The Mudcat Café TM
Thread #163150   Message #3889333
Posted By: GUEST
19-Nov-17 - 03:35 PM
Thread Name: Industry Songs
Subject: RE: North American Locomotive-industry songs
These last few months I've been performing The Erie Canal Song (or Low Bridge, Everybody Down) which laments the decline of Mule Power and the related work and culture as the Steam Engine proved more efficient, and became the dominant technology to move goods along the waterways. I know this is not what you're looking for, Bob, but a bigger picture look at change in what drives an industry. Maybe there's a later song that laments the decline of the RR Steam Engine.

A song that came to mind reading this thread is Brother Can You Spare a Dime? (Gorney/Harburg, 1930)

Once I built a railroad
Made it run
Made it race against time
Once I built a railroad
Now it's done
Brother, can you spare a dime?

Not quite what you're talking about either, but a bit of that sweep of history, of economic change.

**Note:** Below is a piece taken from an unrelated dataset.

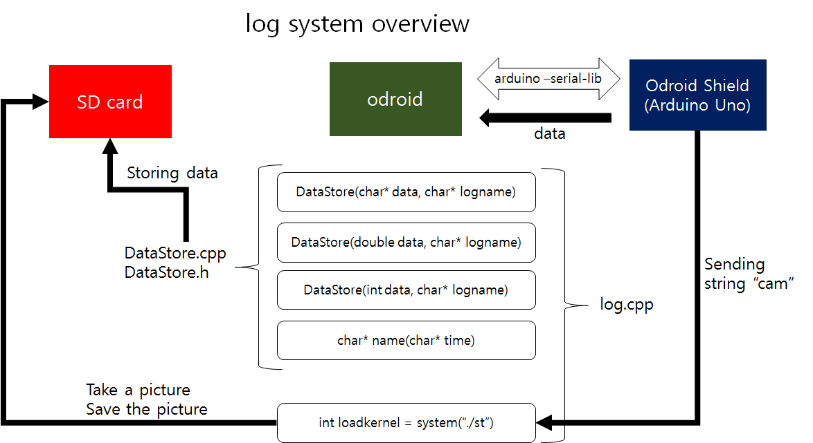 - It can also save picture data. When the odroid shield sends the string “cam” to odroid, log.cpp takes a picture and save it.

I live in a small city with an active freight line running through it. (I'm 64 now and have rarely lived where I couldn't hear the freight trains moving through at night; it's like a lullaby to me. When I was a kid our family lived very close to the RR tracks - on the "wrong side" of the tracks but I didn't figure this till years later.) This city was once a hub in the Upper Midwest for the Northern Pacific Railroad where they built and repaired locomotive engines and other RR cars. There's a nice diagram of the railyards in 1888 near the top of this page to give a sense http://www.crowwinghistory.org/nprr.html The RR has since changed hands multiple times and now by volume mostly moves oil and coal. The railyards still look kinda cool but are greatly diminished physically. Some developers are working with the current RR, Burlington Northern Santa Fe* (BNSF), to develop the site for a mix of retail, service and commercial businesses. The old Roundhouse is long gone, but there's now a Roundhouse Brewery in one of the remaining buildings. They just brought back their very nice Driftbuster Winter Ale in November. Anywho, I do go on. I will poke around for local songs about locomotive and train car production, decline of at least the steam locomotive industry. There are a couple of history buffs I know who might have some ideas.

*This reminds me that I used to do a decent cover of Johnny Mercer's On the Atchison, Topeka and the Santa Fe in open G tuning. Time to revive that song.